Seperti yang Anda lihat, di satu sisi, itu adalah - perasaan positif bahwa orang pengalaman dalam kaitannya dengan diri mereka sendiri dan orang lain. Di sisi lain - itu adalah sebuah konsep negatif, sebagai seorang pria bangga meninggikan diri, meremehkan orang-orang lain. Jadi apa adalah kebanggaan? Baik atau buruk? Dan apakah mungkin untuk menyebutnya rasa baik atau buruk? Itu semua tergantung pada apa yang merupakan inti dari konsep.
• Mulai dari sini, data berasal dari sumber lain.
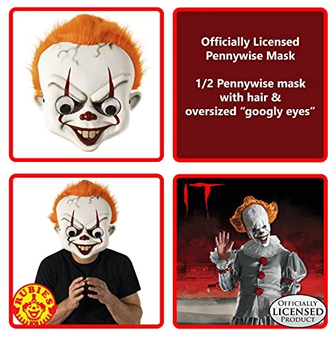 - OFFICIALLY LICENSED Pennywise costume mask, look for Warner Bros. trademark on packaging and label to help assure you’ve received authentic safety-tested items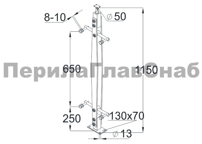 Готовая стойка Ø38,1х950 мм деревянная, со вставками из нержавеющей стали 2х100 мм с 4 стеклодержателями k741-3 купить в Симферополе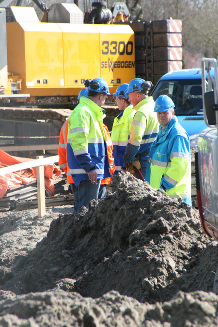 Nu zijn ze zichtbaarder, het drietal GMB’ers. Was er nog geen nieuwe werkkleding voor hoofduitvoerder Johan, of zweert hij bij oranje? In het midden uitvoerder tunnel Arjan en wie staat daar rechts???! Waarachtig! Henk Tippe!
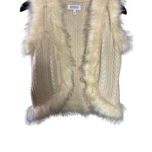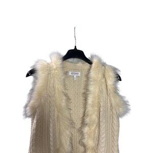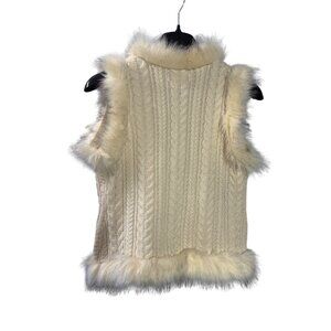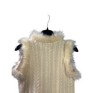 Shyanne Womens Faux Fur Trim Cable Knit Vest Size M Cream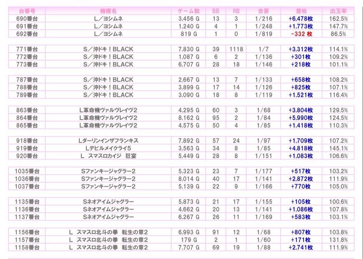 ※本記事中のデータは全て神の子来店ホール調査取材班が独自に調査しているものです。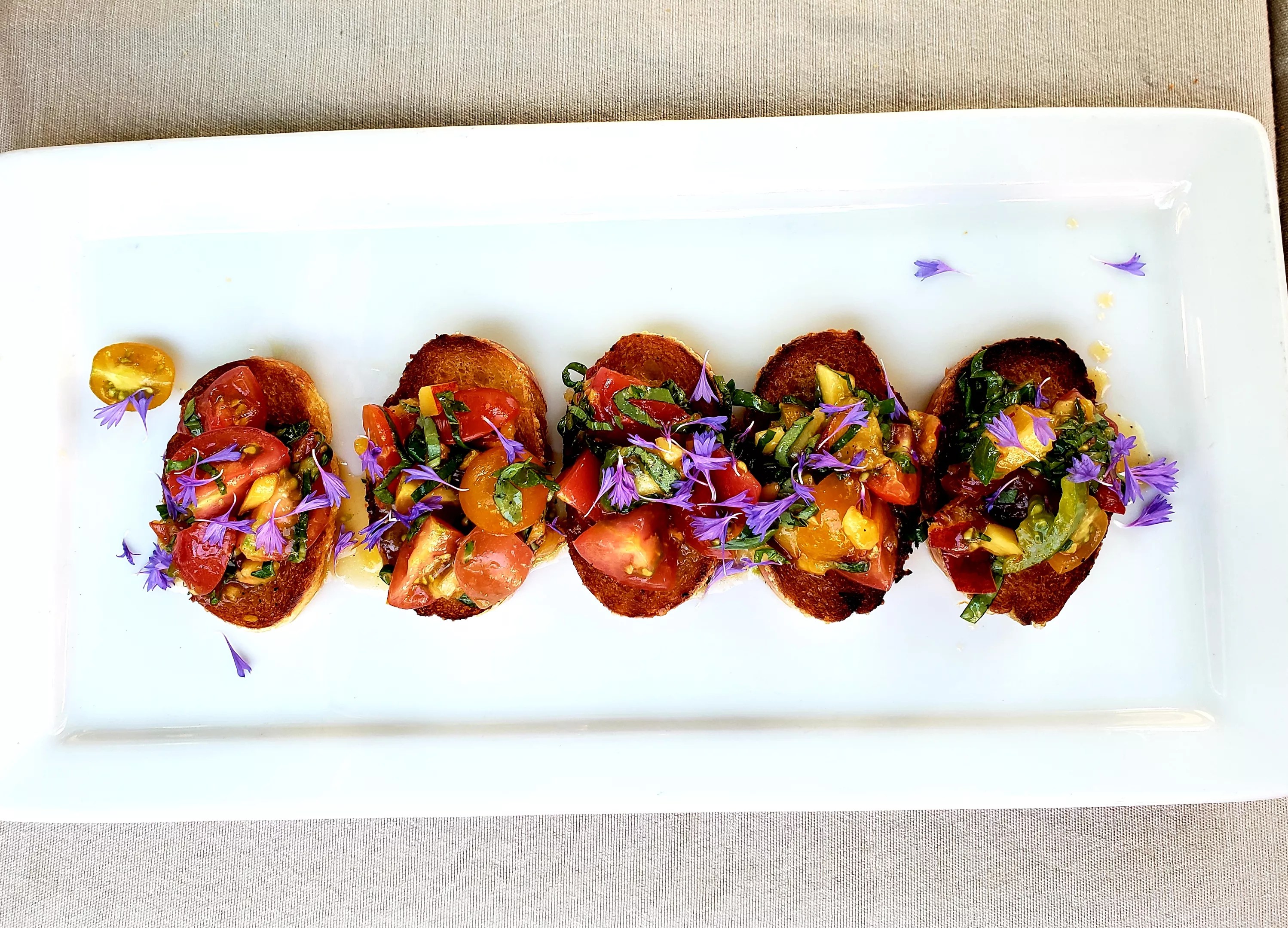 As he worked prepping the produce, a small crowd began to form, both to watch him prep and to get a closer look at the bees. The marriage of food, farms and beekeeping remained ever-prevalent during the demonstration, and Starkus was proud to highlight the growers he used at Urban Farmer. Corner Post Meats, he says, provides pork for the kitchen. Rocky Mountain Fresh does all the tomatoes – more cheaply, he adds, than out-of-state growers. Soon, he says, he is about to start using Morton’s Orchards for peaches to replace blueberries on the seasonal menu. Josh Olsen from ACRES is a friend, and there are talks about him becoming Starkus’s apprentice beekeeper. The bruschetta chef Chris Starkus made for the chef’s demo at the Union Station Farmers’ Market on June 30. Linnea Covington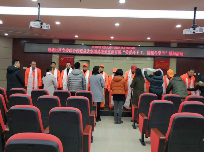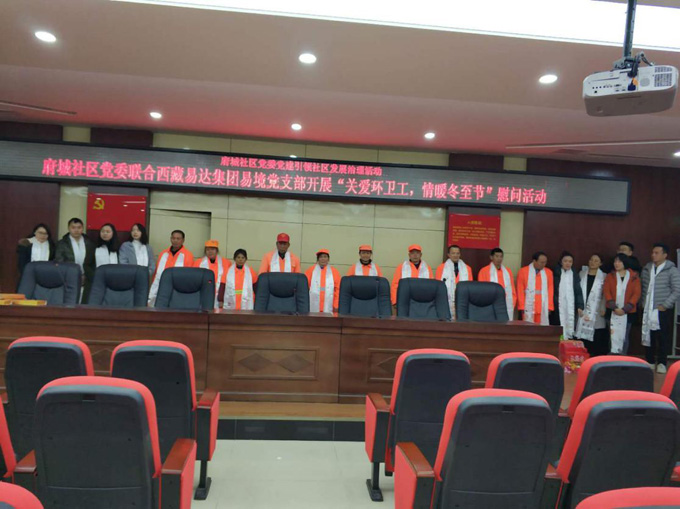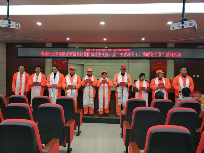 隨著漸入冬季,氣溫和天氣越發(fā)的寒冷和嚴(yán)酷,也加劇了環(huán)衛(wèi)工人清潔工作的難度,為踐行“將公益融入企業(yè)血液”的企業(yè)理念,感恩環(huán)衛(wèi)工人對城市建設(shè)的辛勤付出,為環(huán)衛(wèi)工人帶去溫暖的關(guān)懷和問候,2018年12月21日,西藏易達(dá)集團(tuán)易境黨支部聯(lián)合府城社區(qū)黨委開展了“關(guān)愛環(huán)衛(wèi)工,情暖冬至節(jié)”為主題的愛心慰問活動,黨支部數(shù)名黨員同志、府城社區(qū)黨委副書記蔣劍英、平安環(huán)衛(wèi)公司相關(guān)負(fù)責(zé)人出席了此次活動。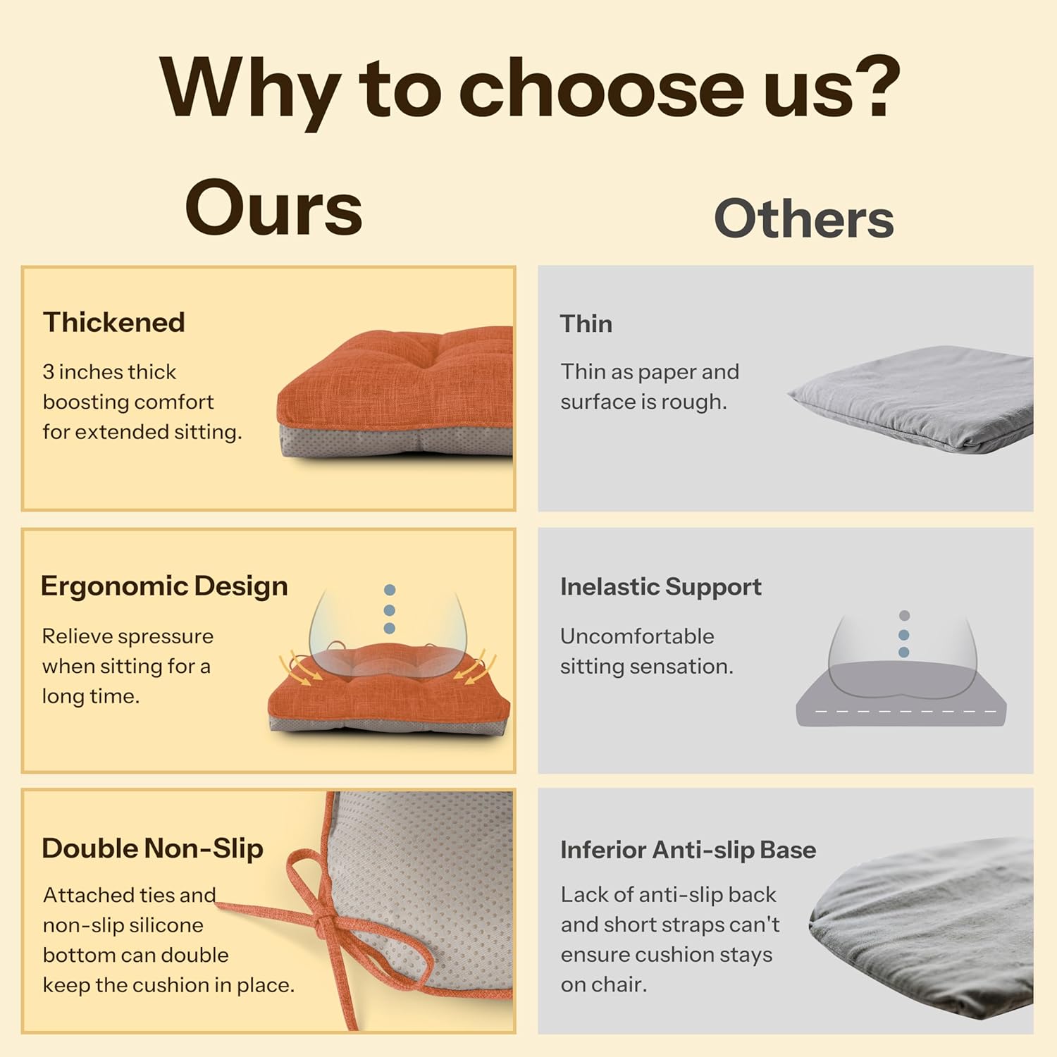 - Versatile Style: Whether you need extra support in the office or want to add a touch of style to your home, our seat cushions for dining chairs are the perfect solution. Use it in dining rooms, home offices, living rooms, bedroom, bars or even breakfast nooks to add comfort and a touch of elegance.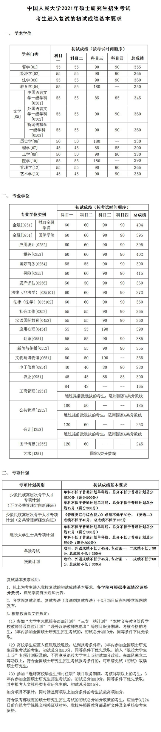 中國人民大學2021年碩士研究生招生考試考生進入復試的初試成績基本要求

Jika bakat manusia ini, kerja keras dan keberhasilan, kebanggaan sepatutnya begitu. Ini membawa sukacita dan emosi positif sebagai manusia itu sendiri serta orang lain. Tapi sering dan sehingga mengatakan perasaan yang dialami tanpa alasan apapun. Sebagai contoh, gadis-gadis cantik sering mengangkat diri mereka sendiri dan mempermalukan orang-orang yang dalam hal ini kurang beruntung. Data pada kualitas alam tidak harus menyebabkan perasaan seperti kebanggaan. Arti dari kata-kata dalam hal ini adalah negatif.
pemahaman yang berbeda dari kata
Konsep yang sama di waktu yang berbeda dapat memiliki arti positif dan negatif. Contoh yang mencolok dari ini adalah kebanggaan nasional. Dalam kebanyakan kasus, perasaan ini diterima. Hal ini mengacu pada cinta dan kasih sayang manusia untuk negara mereka, kesediaan untuk melindungi dan membela kepentingan umum. Sejarah, bagaimanapun, dapat menyebabkan contoh cukup tragis penggunaan konsep ini di Jerman pada 30-40-ies (gagasan superioritas "bangsa superior"), Kekaisaran Inggris di abad ke-19 (gagasan "beban orang kulit putih") dan sebagainya. Apa kebanggaan dalam hal ini, tapi perasaan superioritas perwakilan dari satu bangsa, ras atas orang lain? Seperti yang ditunjukkan oleh pengalaman yang menyedihkan dari generasi masa lalu, tidak membawa sesuatu yang baik.
Kebanggaan dan teman-temannya
Arti kebanggaan dan kebanggaan serupa, tetapi mereka juga memiliki perbedaan yang signifikan. Dalam masyarakat modern, konsep "kebanggaan" digunakan sangat jarang. Hal ini diganti dengan istilah serumpun: kesombongan, ambisi, kesombongan, kesombongan, cinta-diri. Dengan demikian, kita melihat bahwa dalam arti kata tidak ada yang positif. Berbeda dengan kebanggaan, memiliki warna-satunya negatif. Di antara sifat-sifat kebanggaan, kita dapat mencatat: kemunafikan, kesombongan, kemurungan, keras kepala dan kesombongan. Dan ketidakpercayaan, kurangnya kontrol, gelisah, mencari-cari kesalahan, keegoisan dan lancang. Selain itu, orang yang rentan terhadap fana dosa yang melekat sensibilitas, marah, ambisi, kecenderungan untuk dikritik, iri hati dan dendam. Anda juga dapat menghubungi sifat-sifat negatif seperti kekerasan pendirian dan kekejaman, sarkasme, penolakan terhadap norma-norma dan otoritas yang berlaku umum.
Apa adalah kebanggaan, dan kebanggaan adalah apa?
Kedua konsep mungkin memiliki arti yang berlawanan. Dan pada saat yang sama sama-sama negatif. Untuk memahami, Anda perlu tahu apa yang menyebabkan perasaan dan aspirasi tertentu:
- Arogansi, kesombongan, arogansi, kesombongan, keangkuhan - semua ini menunjukkan bahwa manusia merindukan untuk mendapatkan kekuasaan dan penghinaan bagi orang-orang yang memiliki lebih rendah status sosial.
- Ambisi dan ambisi adalah tanda-tanda bahwa seseorang berusaha untuk mencapai kemajuan yang lebih di tangga karir.
- Penghinaan, lancang, penghinaan, lancang dan egoisme menunjukkan kesiapan seseorang untuk mengejar kepentingan mereka di biaya apapun, tanpa melihat pada yang lain.